Many Middle East experts in the US see a direct link between Israel’s latest actions and the results of US midterm elections earlier this month. Not only did those elections deliver a Republican-controlled House, they say, but that change also means the elevation to key House committee chairmanships of several unabashed pro-Israel representatives.
For example, Ileana Ros-Lehtinen (R) of Florida, in line to take the gavel of the House Foreign Affairs Committee in the new Congress, echoes the Israeli government view that Iran is a more imminent threat to Middle East stability (let alone Israel’s security) than unattained Palestinian statehood.
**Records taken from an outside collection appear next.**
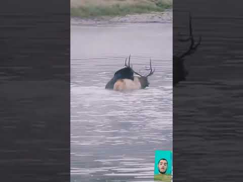 Grazelly bear attack on bull moose stuck in river #shorts #wildlife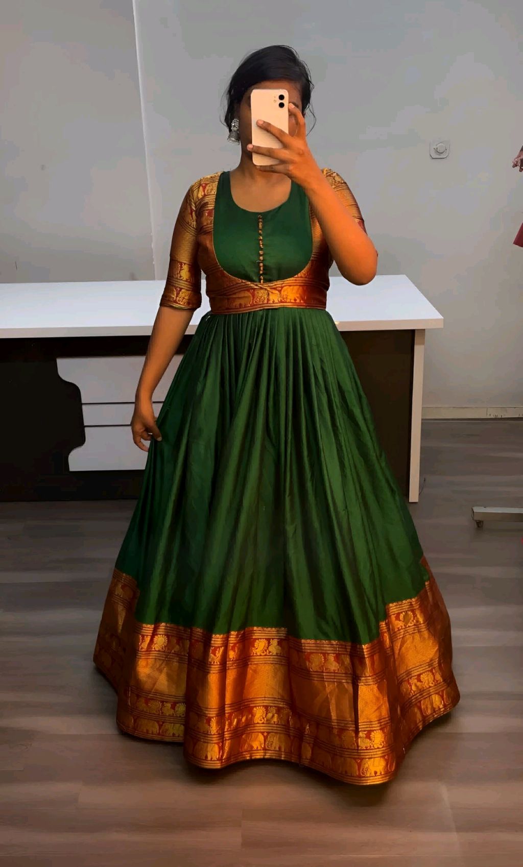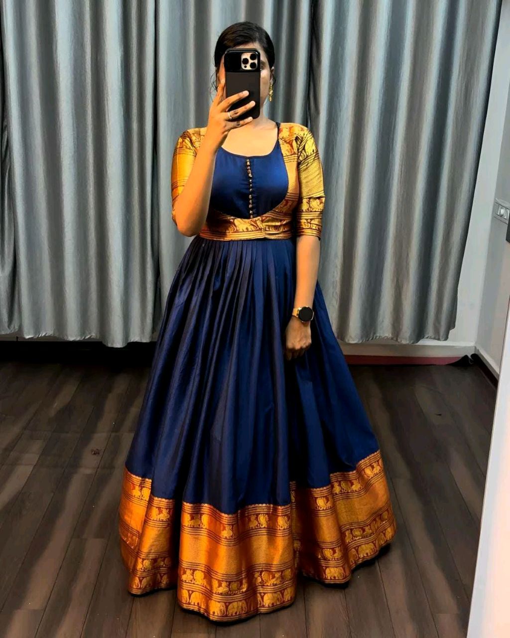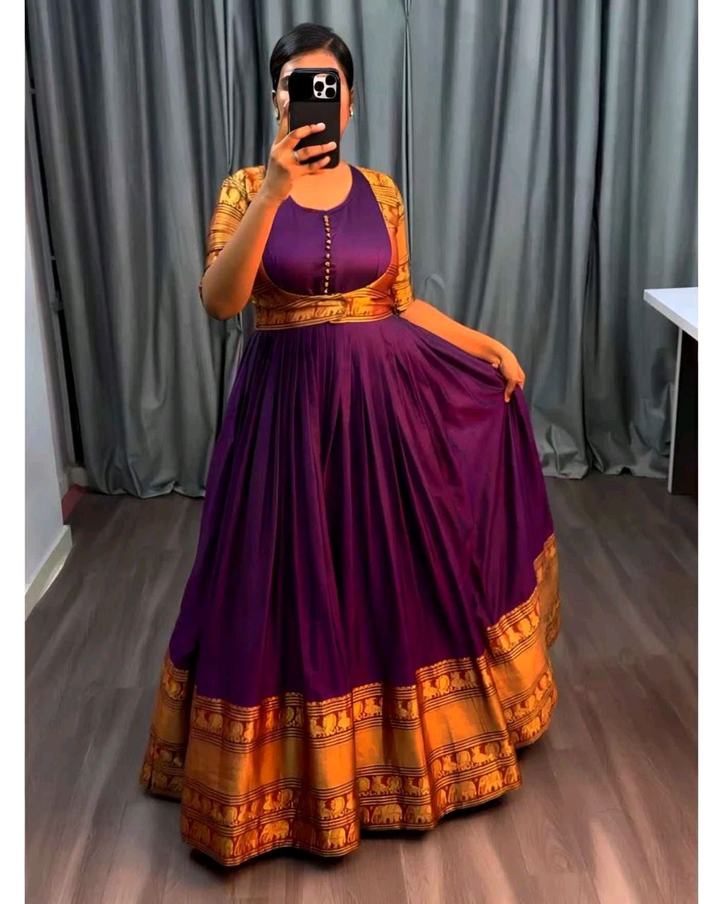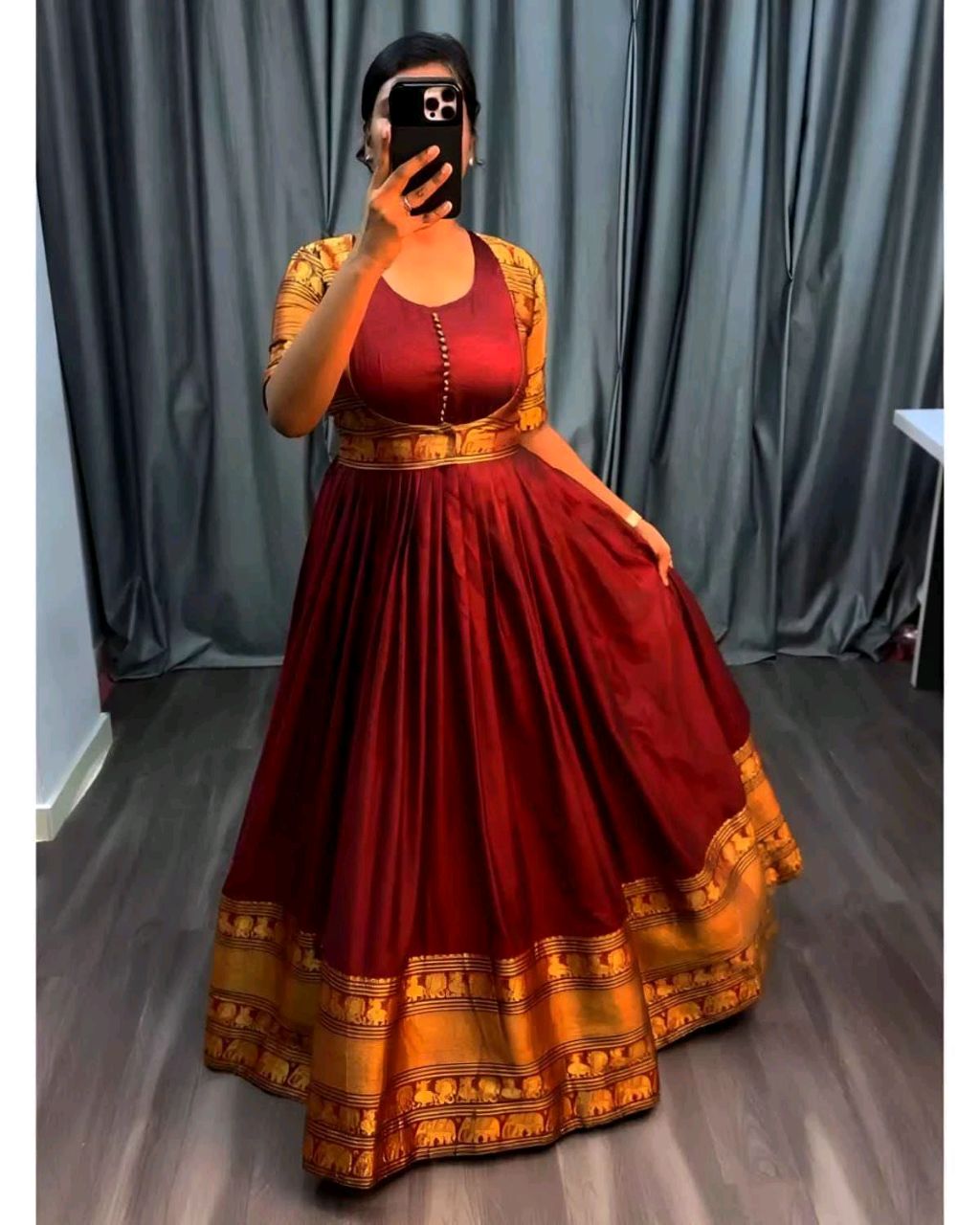Pure Narayanpet Gown with Removable coat 🔸Fabric : Pure Narayanpet 🔸SIZE : S(36) M(38) L(40) XL(42) XXL (44) 🔸Flare : 3 meter heavy flare 🔸Full crepe lining 🔸Length : 54-55 inches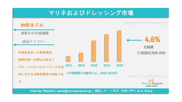 Survey Reports LLCは、2026年3月に「マリネおよびドレッシング市場:タイプ別(酸性マリネ、乳製品マリネ、酵素マリネ)、用途別(食肉・家禽、シーフード、野菜、サラダ)、流通チャネル別(スーパーマーケット/ハイパーマーケット、コンビニエンスストア、オンライン小売、フードサービス)、エンドユーザー別(家庭、フードサービス業界、レストラン、食品加工業者)―世界市場分析、動向、機会および予測(2025年~2035年)」と題する調査レポートを発行したと発表した。本レポートはマリネおよびドレッシング市場の予測評価を提供するものであり、成長要因、市場機会、課題、および脅威を含む複数の主要な市場ダイナミクスを強調しているものである。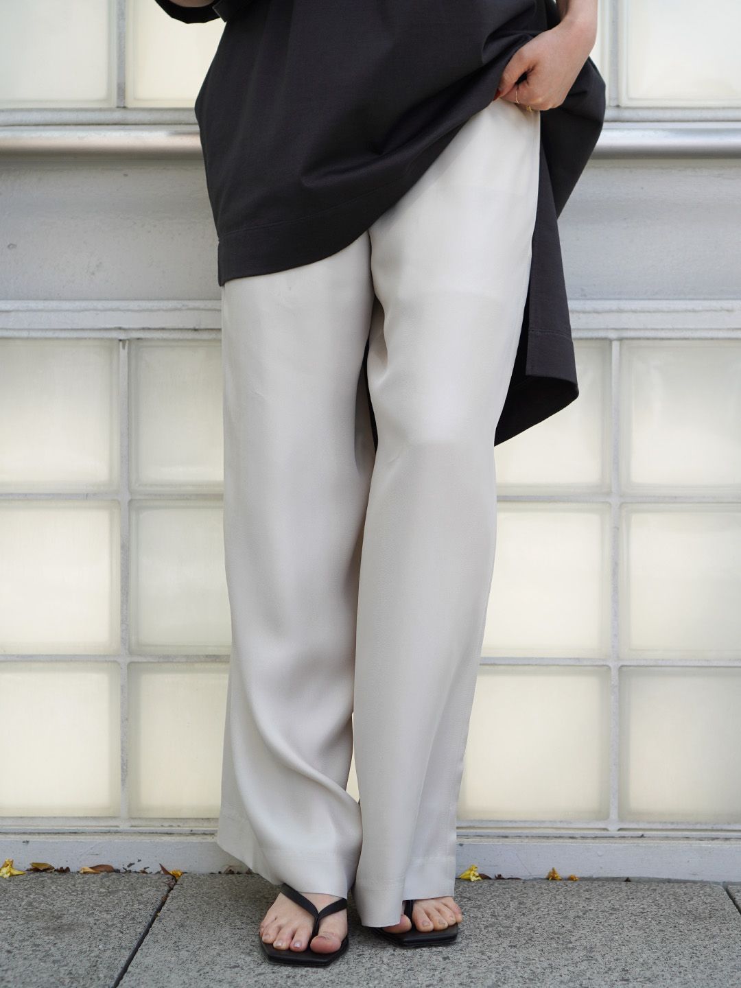 カジュアルなイメージの多いイージーパンツも、光沢のあるシルクとこなれたレーヨンの素材なら品の良さを保ってくれる。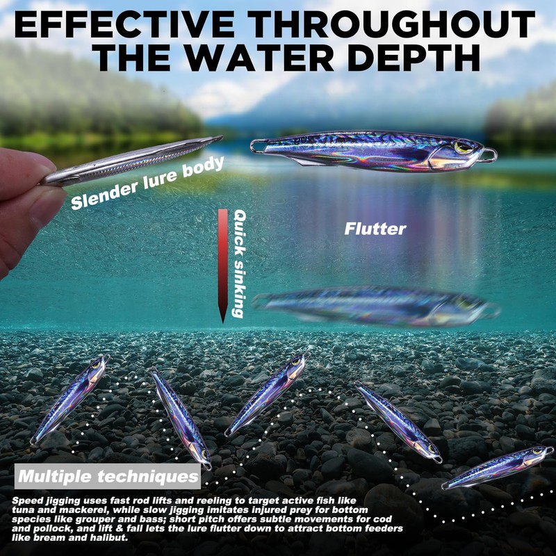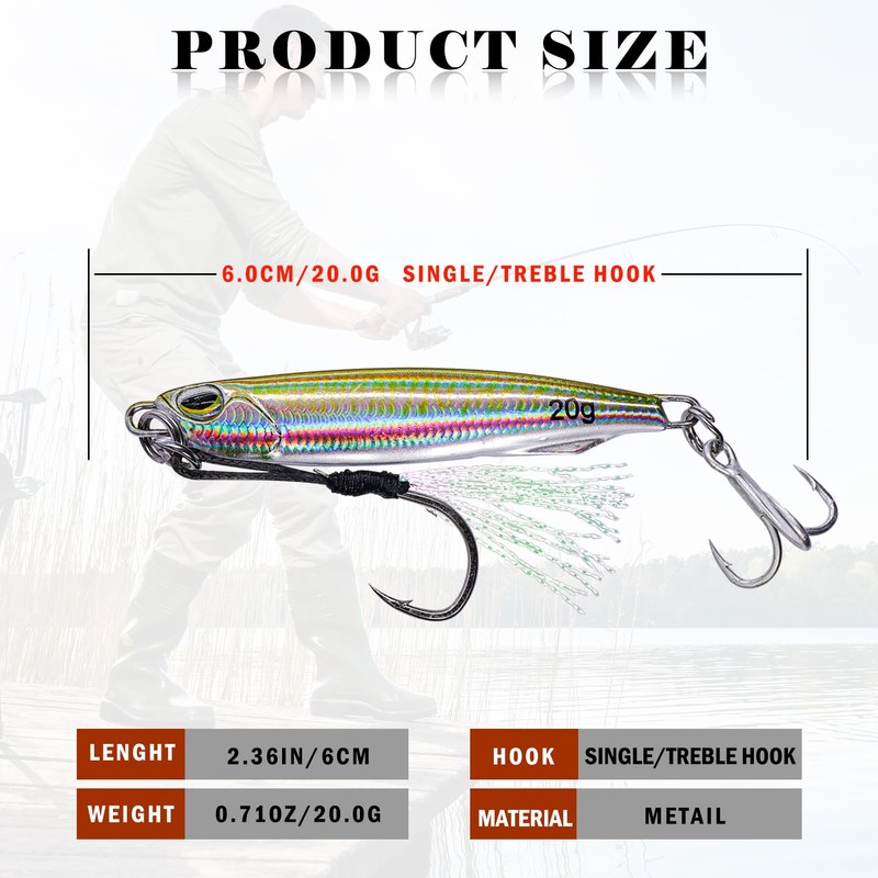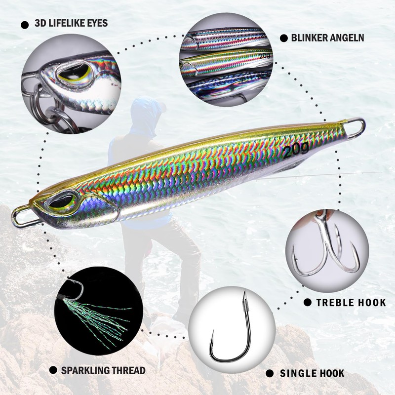 - 【Glänzende Beschichtung】 Der schillernde lasergeflaschte vertikale angelköder salzwasser reflektiert sonnenlicht in einem 360° winkel und erzeugt deutliche lichtblitze, ideal für dunkle gewässer und schwache lichtverhältnisse. die hochwertige verarbeitung sorgt für eine ausgezeichnete abriebfestigkeit der beschichtung.

Palestinian leaders have condemned Israel’s announcement of new settlements and said such actions reveal Israel’s real aim of using relaunched peace talks to consolidate its control of Palestinian lands.
Saeb Erekat, chief Palestinian negotiator in the talks, said the new construction plans demonstrate that Israel “has chosen settlements and rejected peace.” He called on the international community to respond by recognizing a Palestinian state based on pre-1967 borders.
The Palestinian Authority has said failure to reach a settlement freeze to allow peace talks to resume could lead it to seek recognition of a Palestinian state by the United Nations Security Council. Such a move would put the US in a difficult diplomatic spot, because the US would very possibly stand alone among Security Council members in opposing such a declaration.
That is one reason administration officials continue to remind the two parties that direct talks are the only way to reach a goal of peace, which both sides say they want. As Clinton said Wednesday at a meeting in Washington with Palestinian Authority Prime Minister Salam Fayyad, “I believe strongly that negotiations are the only means by which the parties will be able to conclude an agreement that will lead to a Palestinian state and Israel living in security with its neighbors.”
Later Wednesday, after a meeting with Egyptian officials, Clinton added, “There can be no progress until [the two parties] actually come together and explore where areas of agreement are and how to narrow areas of disagreement. So we do not support unilateral steps by either party that could prejudge the outcome of such negotiations.”